Les regards attentifs qui se posaient sur Cassius lui confirmaient qu’il gagnait des soutiens de tous les côtés. Il cherchait à remplir deux objectifs dans cette réunion : convaincre les autres de suivre le pari qu’il était sur le point de révéler, et changer leur conception des choses en leur rendant quelque espoir.
— Notre peuple est là-bas, dit-il, son bras décrivant un large arc de cercle. Sur Maer Dualdon et sur le lac Dinneshere, les flottes se sont rassemblées, dans l’attente d’un signe de Bryn Shander attestant de notre soutien. Les habitants de Bon-Hydromel et de la Brèche de Dougan font de même sur le lac méridional, armés jusqu’aux dents et sachant fort bien que, dans cette lutte, il ne restera rien à sauver aux survivants si nous ne sommes pas victorieux ! (Il se pencha par-dessus la table, attirant puis soutenant le regard de chacun des hommes qui étaient assis devant lui, avant de conclure d’un air grave :) Plus de maisons. Plus d’espoir pour nos femmes. Plus d’espoir pour nos enfants. Nulle part où s’enfuir.
Cassius continua d’appeler le reste de l’assistance au ralliement, bientôt soutenu par Glensather, qui avait plus ou moins deviné l’objectif du porte-parole et qui reconnaissait l’importance de remonter le moral général. Cassius attendit le moment opportun. Quand le désespoir fit place à la résolution de survivre sur le visage des chefs, il exposa son plan audacieux.
— Kessell a requis un émissaire, dit-il, et nous devons donc lui en envoyer un.
— Le choix le plus évident me paraît être toi ou moi, intervint Glensather. Lequel de nous deux cela devrait-il être ?
Un sourire sarcastique s’élargit sur le visage de Cassius.
— Aucun de nous deux, dit-il. L’un de nous serait un choix évident si nous comptions nous conformer aux exigences de Kessell. Mais nous avons une troisième option.
Il dirigea son regard droit sur Régis. Le halfelin se tortilla, mal à l’aise, devinant en partie ce que le porte-parole avait en tête.
— Il y a parmi nous quelqu’un qui est doté d’une réputation presque légendaire pour ses remarquables capacités de persuasion. Peut-être que son charme charismatique nous permettra de gagner un temps précieux dans nos négociations avec le sorcier.
Régis se sentit mal. Il s’était souvent demandé quand son rubis en pendentif allait le mettre dans une situation trop inextricable pour qu’il puisse s’en tirer.

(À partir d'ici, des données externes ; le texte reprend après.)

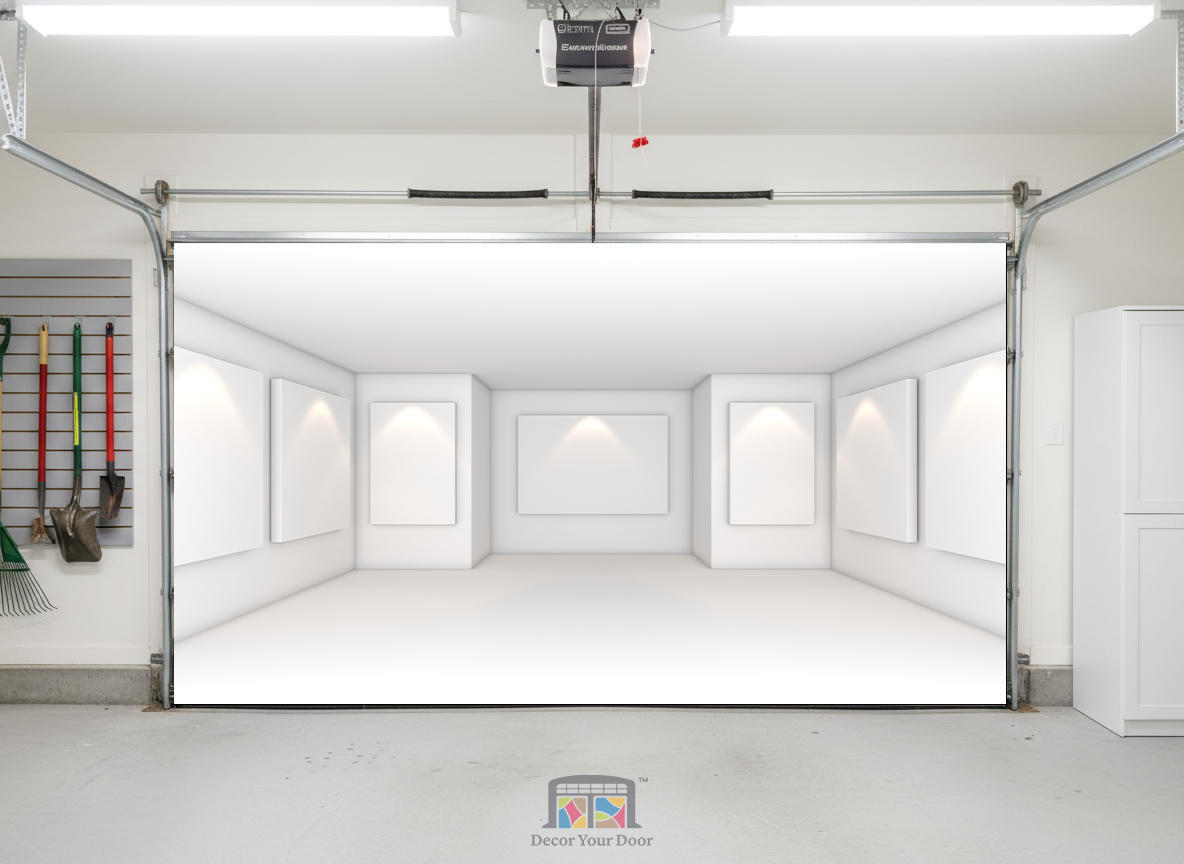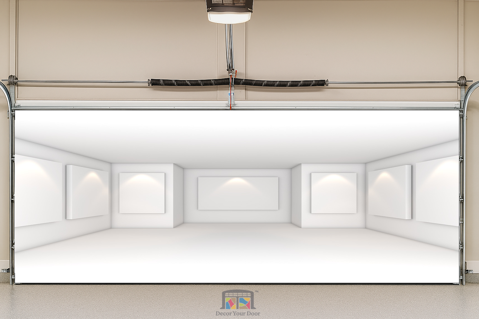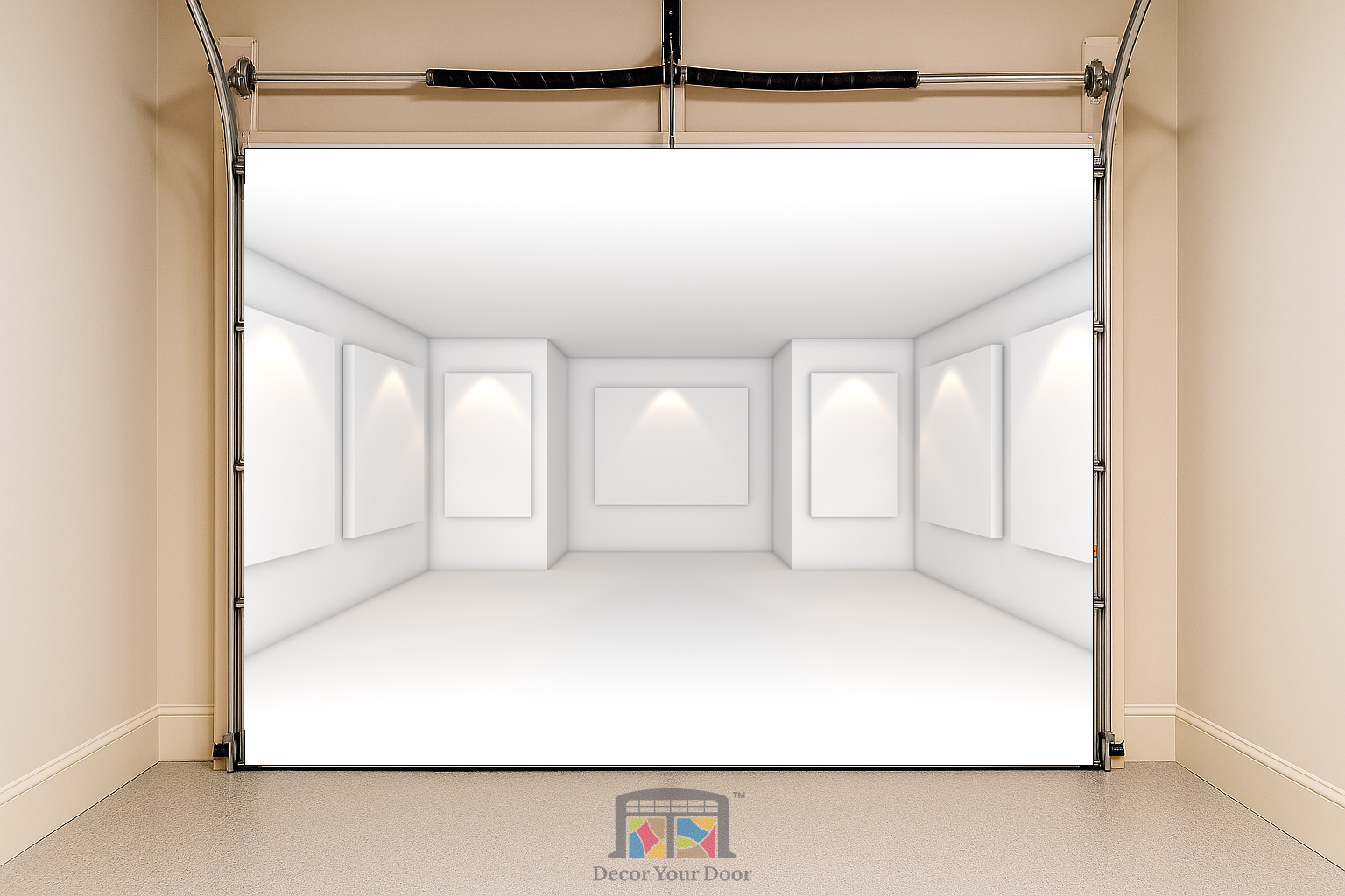 Turn your garage into a modern art space with this clean gallery-style design. Soft spotlights and blank panels create the perfect illusion of a contemporary showroom right inside your garage. By Decor Your Door, this cover brings a premium designer feel that transforms your garage into a bright and spacious feature wall. Ideal for anyone who loves minimalist aesthetics and wants a sleek visual upgrade with real modern appeal.

Plusieurs autres membres de l’assistance regardaient Régis à présent, intrigués par la suggestion de Cassius. Les histoires à propos du charme et des capacités de persuasion du halfelin, ainsi qu’au sujet de l’accusation de Kemp lors du conseil quelques dizaines auparavant avaient été racontées et répétées dans chacune des villes, chaque conteur y allant de sa petite touche d’amélioration ou d’exagération pour accroître sa propre importance.
Bien que Régis n’ait pas été enchanté de perdre le pouvoir de son secret – les gens ne le regardaient plus que rarement dans les yeux à présent –, il en était venu à apprécier sa célébrité relative. Il n’avait pas réalisé qu’avoir tant de regards tournés vers sa personne pouvait avoir des conséquences négatives.
— Que ce soit le halfelin, l’ancien porte-parole de Bois Isolé, qui nous représente à la cour d’Akar Kessell, déclara Cassius à l’approbation quasi unanime de l’assemblée. Peut-être notre petit ami sera-t-il capable de convaincre le sorcier qu’il est dans l’erreur avec son comportement maléfique !
— Vous vous trompez ! protesta Régis. Ce ne sont que des rumeurs…
— L’humilité, l’interrompit Cassius, est une qualité de valeur, mon bon halfelin. Et nous tous rassemblés ici, nous apprécions la sincérité de tes doutes sur tes capacités, et nous en apprécions d’autant plus ta volonté de les mettre à l’épreuve contre Kessell quoi qu’il en soit !
Régis ferma les yeux et ne répondit rien, sachant que la motion serait adoptée avec ou sans son accord.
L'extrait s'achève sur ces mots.